Commentary: Unpacking the packing process

Getting there’s easy; leaving is the hard part

Anyone driving past my house on any given weekend probably has one of three thoughts about what's going on just in front of my garage.

Thought One: The Smiths have gotten lost in their own driveway again.

Thought Two: Those are the worst door-to-door salesmen in the world.

Thought Three: Bet the song on the radio is just about over and they can go in the house now.

While all of those have both merit and potential to be correct, the actual answer is we are running through the vast, mostly mental pre-trip checklist, much like the ones astronauts use before they blast off. Except, of course, one of the astronauts doesn't look over at the other and say, "Did you lock the back door?" And it's very unlikely the other astronaut climbs down off the rocket and runs back into the house to get his sunglasses, only to realize they're in his pocket.

Once upon a time, before Google Maps and Siri started being so very helpful, we used a computer service that allowed you to print off detailed directions to anywhere. Problem was, the directions were so detailed the first 15 of 20 total steps were telling you how to get out of your neighborhood.

Now we've done ourselves one better: The first 30 minutes of our travel time is us trying to get out of our own driveway.

It's not fair to say we don't move quickly. In fact, we do. It's just that it's often in what amounts to a circle between the car, the garage, the house, any one of the bathrooms downstairs, the closet, the backyard, the mailbox or every drawer , table, desk or any other surface where keys, glasses, cellphones or anything else we might need to navigate the wilds of Northwest Arkansas might have been laid.

What makes it even a little scarier is that whatever it is we don't have was placed with the expressed mental admonition that "I'm going to remember I put that there," an admonition which promptly slipped our respective or collective minds.

If you're looking for a YouTube-worthy example of "confusing activity for progress," you should just turn on the currently non-existent Nanny Cam and record us trying to go to the Farmer's Market on a Saturday morning.

I don't think we're alone in this. I've frequently seen neighbors pull out of driveways, only to return a few minutes later, run back into the house while the car idles, then come out and take off again. Perhaps they determined if they could make it to end of the street, it was safe to drive all the way to store. Or perhaps they, like we on occasion, have realized that if you're going take a kid to soccer practice, it's a lot more effective if he's actually in the car.

When we were younger, of course, going somewhere meant just throwing yourself in the general direction of the driver's seat and taking off.
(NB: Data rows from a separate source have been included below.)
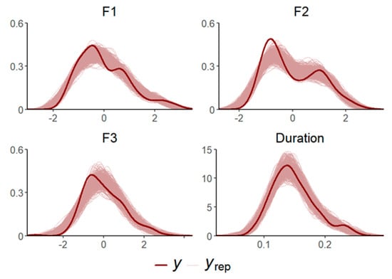 Bayesian regression models were employed for data analysis using the brms package [] in R []. Bayesian models were favored over conventional frequentist approaches because of their capability to handle small sample sizes [,]. F1, F2, F3 and duration were the dependent variables, including the extracted normalized values (expect duration) from speech outputs. Vowel (i, e, a, o, u) (reference level: a) and group (heritage, monolingual) (reference level: heritage) served as fixed factors, while participant served as a random factor. Another notable advantage of Bayesian statistics lies in its ability to incorporate prior knowledge gleaned from previous research. This pre-existing information is integrated into the models using prior distributions. Due to the exploratory nature of this study and the absence of preconceived assumptions about the behavior of data parameters, weakly informative priors were employed. These priors were specified as a Student’s t-distribution with 3 degrees of freedom, a mean of 0, and a standard deviation of 2.5 [,,]; Figure 2 shows the density of the selected priors. After fitting the model with these priors, posterior predictive checks were used to evaluate the fit of the models to the observed data. As seen in Figure 3, the analyses demonstrated that the replicated data (yrep) closely resembled the observed data (y) in terms of their distribution, patterns, and variability, suggesting that all models provided good fits to the data. To assess the probability of the test hypotheses relative to their alternatives, we utilized the evidence ratio (ER) as a quantified measure. An ER of >10 is deemed strong evidence in favor of a hypothesis, while an ER of <0.1 is considered strong evidence against a hypothesis []. For those familiar with frequentist statistics, an ER < 19 is approximately equivalent to α = 0.05 []. We also mention the posterior probabilities (PP).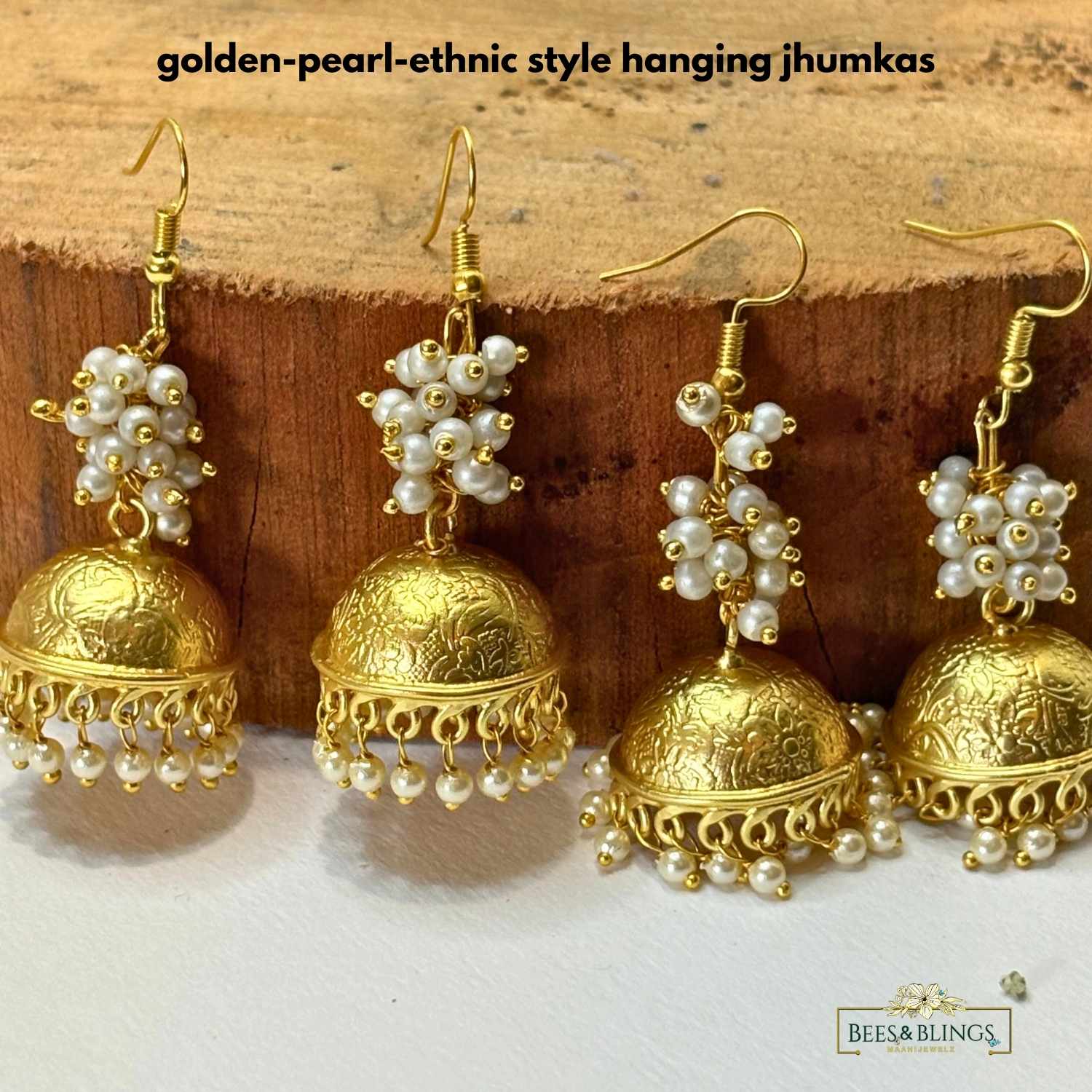 - Color : GOLDEN PEARL jhumkis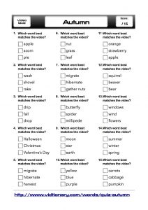 Quiz: Autumn (Mid-Level) Quiz DoAn — September 14, 2011 · Comments off [WpProQuiz 12] Click for a printable worksheet for this video quiz. Want to see more autumn videos? Click here. Also, try the Halloween quiz. Related posts: Quiz: Winter (Basic) Winter Olympics Video Dictionary Mid-Level Mix Quiz Quiz: Winter (Mid-Level) Quiz: Jobs (Mid-Level) Quiz: Places (Mid-Level) Transportation Quiz (mixed level) Quiz: Jobs (Basic-Level)

At that stage, we could operate under the very Zen-like reality that if you don't actually own anything, you don't have to worry about leaving it at home.
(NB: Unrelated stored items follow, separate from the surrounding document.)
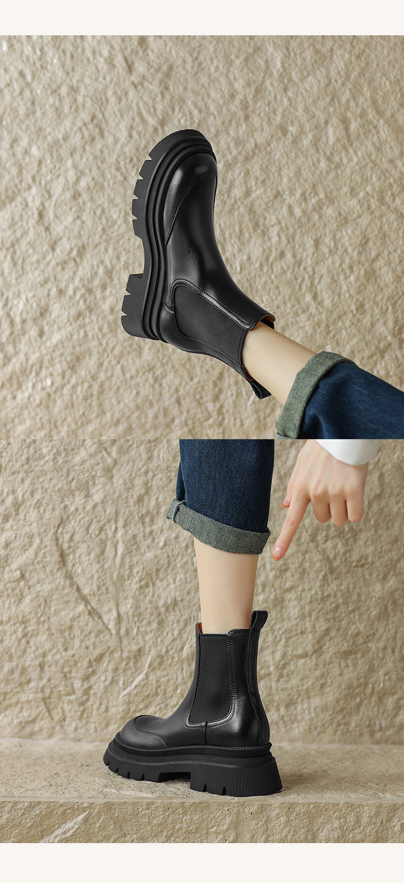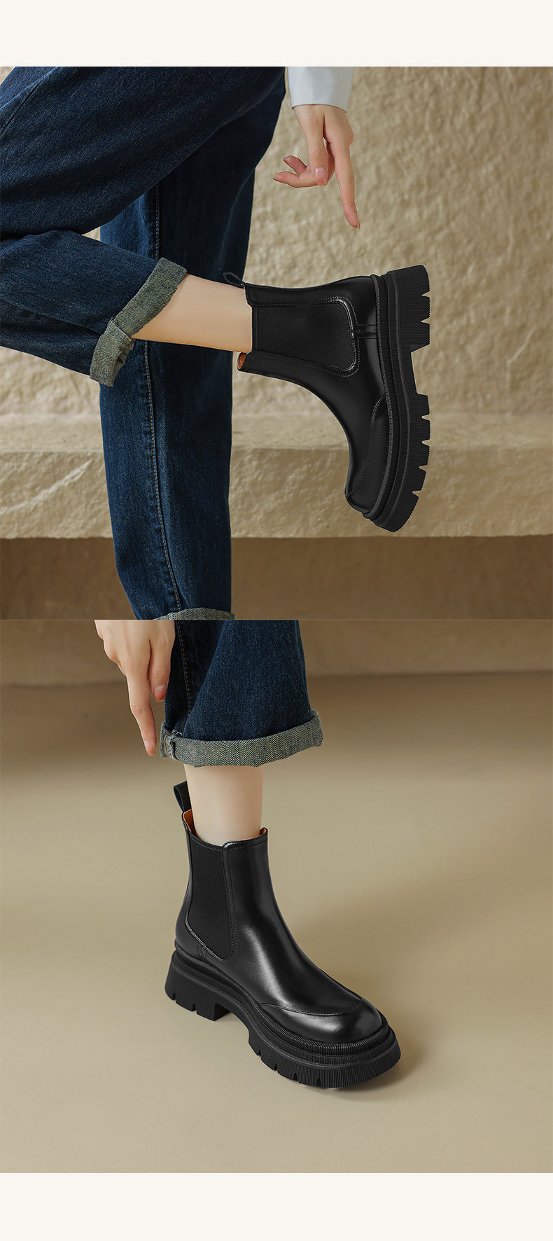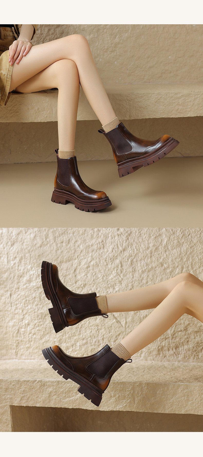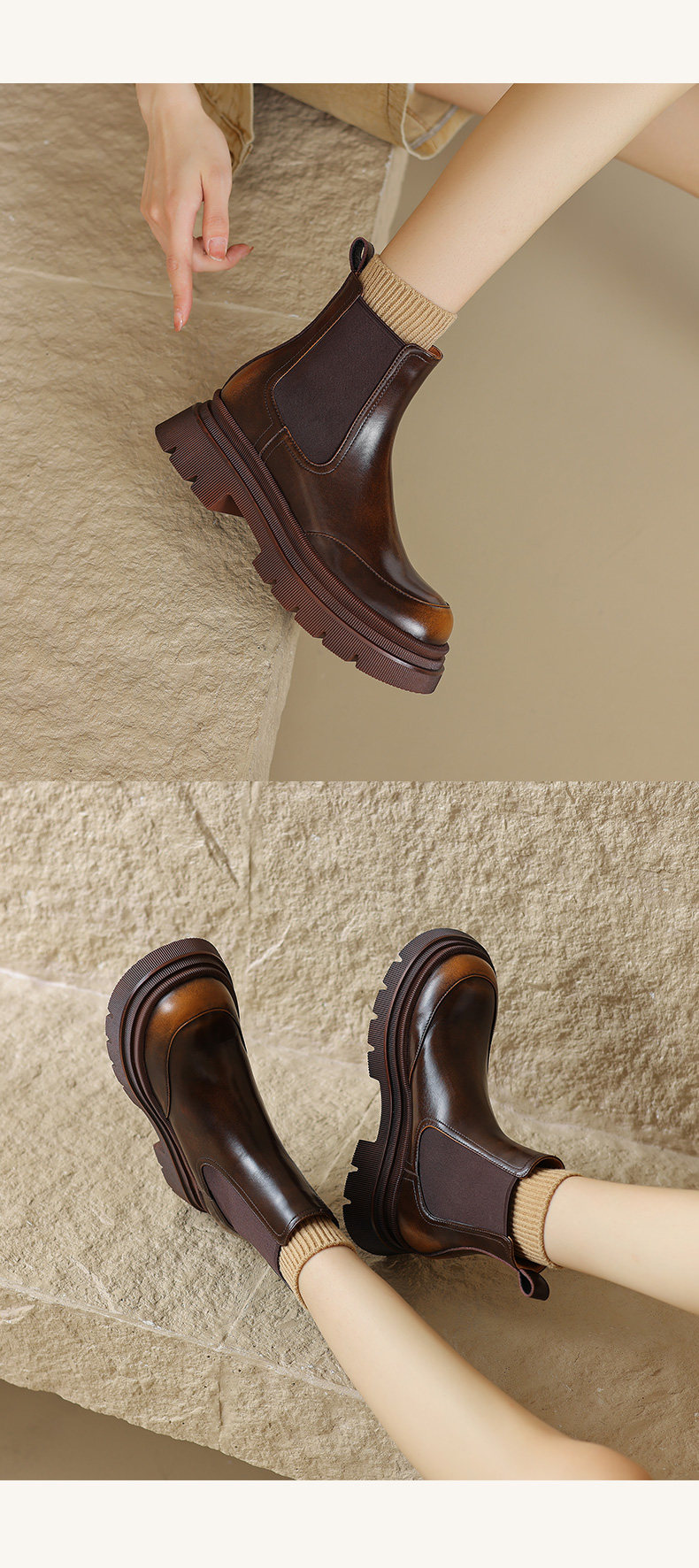Kmeizu擦色厚底短靴女秋冬馬丁靴真皮菸筒靴真皮機車靴切爾西踝靴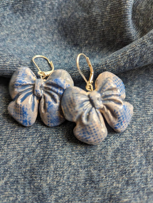 Blue Bow Ceramic Earrings REVERSIBLE Denim Textured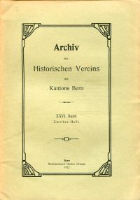 ![]() Archiv des Historischen Vereins des Kantons Bern, 26. Band, Heft 2 (1922). (Umschlag) |

Then we had kids, and going to the store meant three bags, two strollers, a play pen and a car seat that took about half a day to install. Oh, yeah, and the baby. I mean, it's always something...

Now, the kids are basically grown, so our quality driveway time is dedicated to determining what, exactly we've left in the house, who left it, who needs to go in after it, where it will be if someone were to go in after it and if we actually needed it in the first place.
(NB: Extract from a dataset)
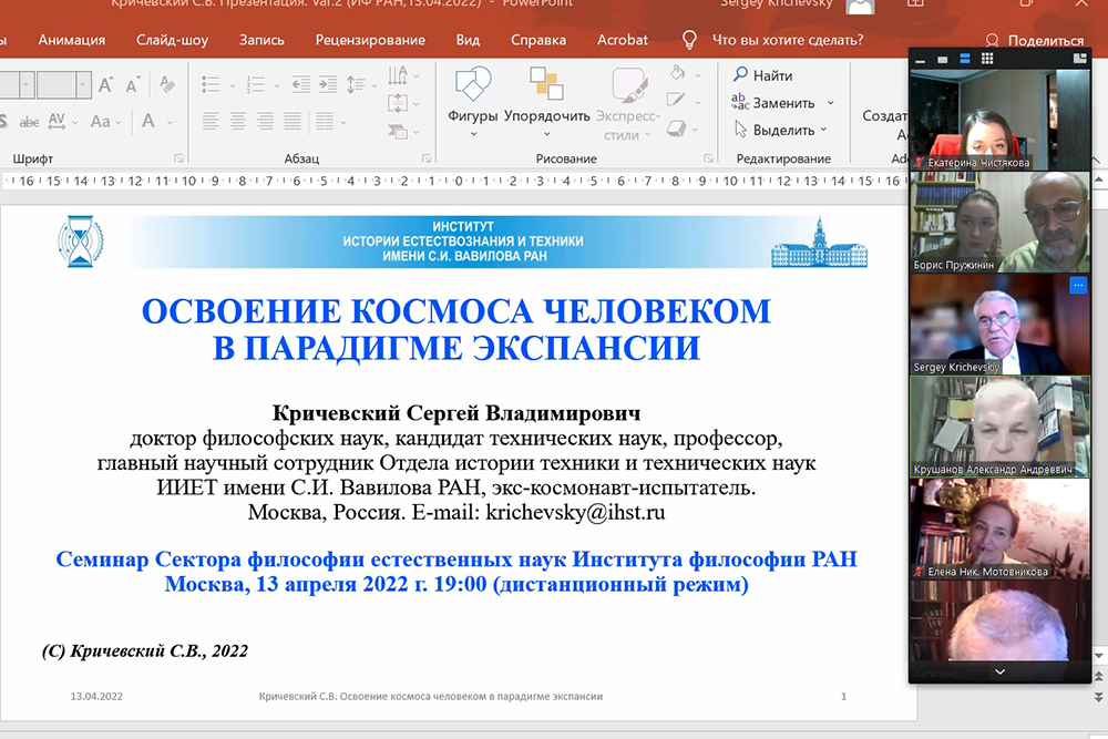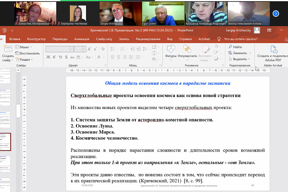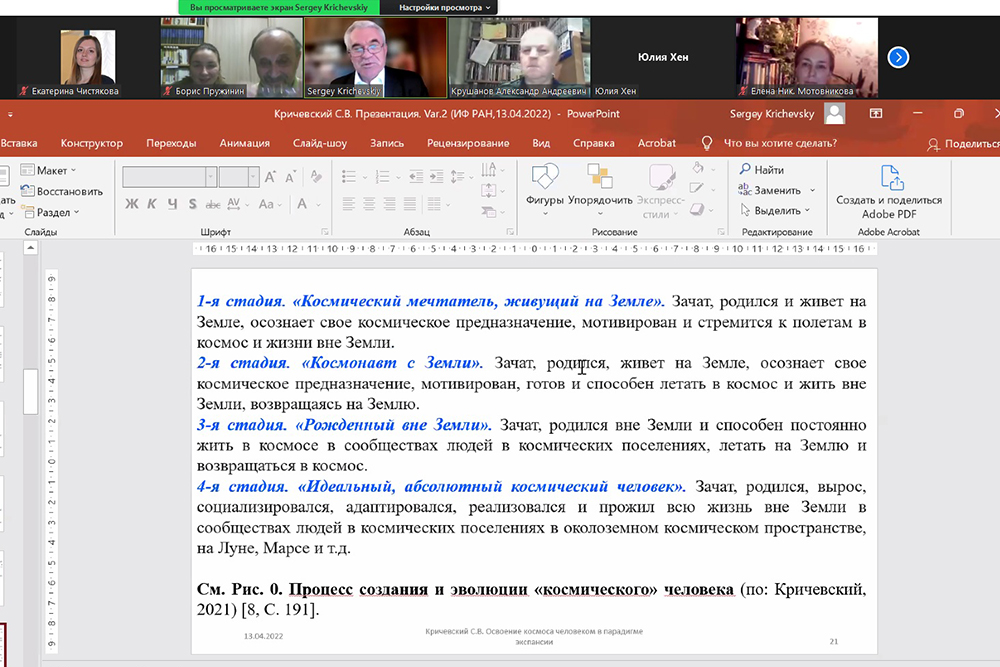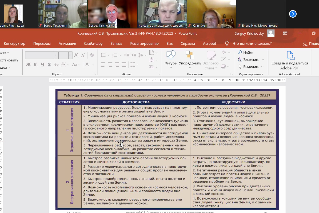 Для справки: междисциплинарный методологический семинар организован Институтом философии РАН совместно с НИУ «БелГУ», к его работе приглашены российские и зарубежные учёные, представители естественных и гуманитарных наук. Заинтересовавшиеся темой освоения космоса в парадигме экспансии могут ознакомиться с тезисами выступления С. Кричевского и записью самого семинара.

And then, faced with the reality that it appears every single road in Northwest Arkansas is under construction and that no event or building has parking within its current ZIP code, there's the "Rock, Paper, Scissors" game we have to play to determine if we actually want to leave the house in the first place.

Now, as I've said, I'm looking forward to future, where we have self-driving electric cars ready to whisk us on our way while we play Spades or stare out the window or whatever you do when you're sitting behind the steering wheel but not actually driving.

I just hope the car is smart enough to let us know one of us will need the purse that's hanging on the back of the chair in the breakfast nook, the shopping list is still on the counter, we left the wrong dog in the house and what's with all the lights still on, do you think we're made of money here?

Ah, the future. It gets better looking every day.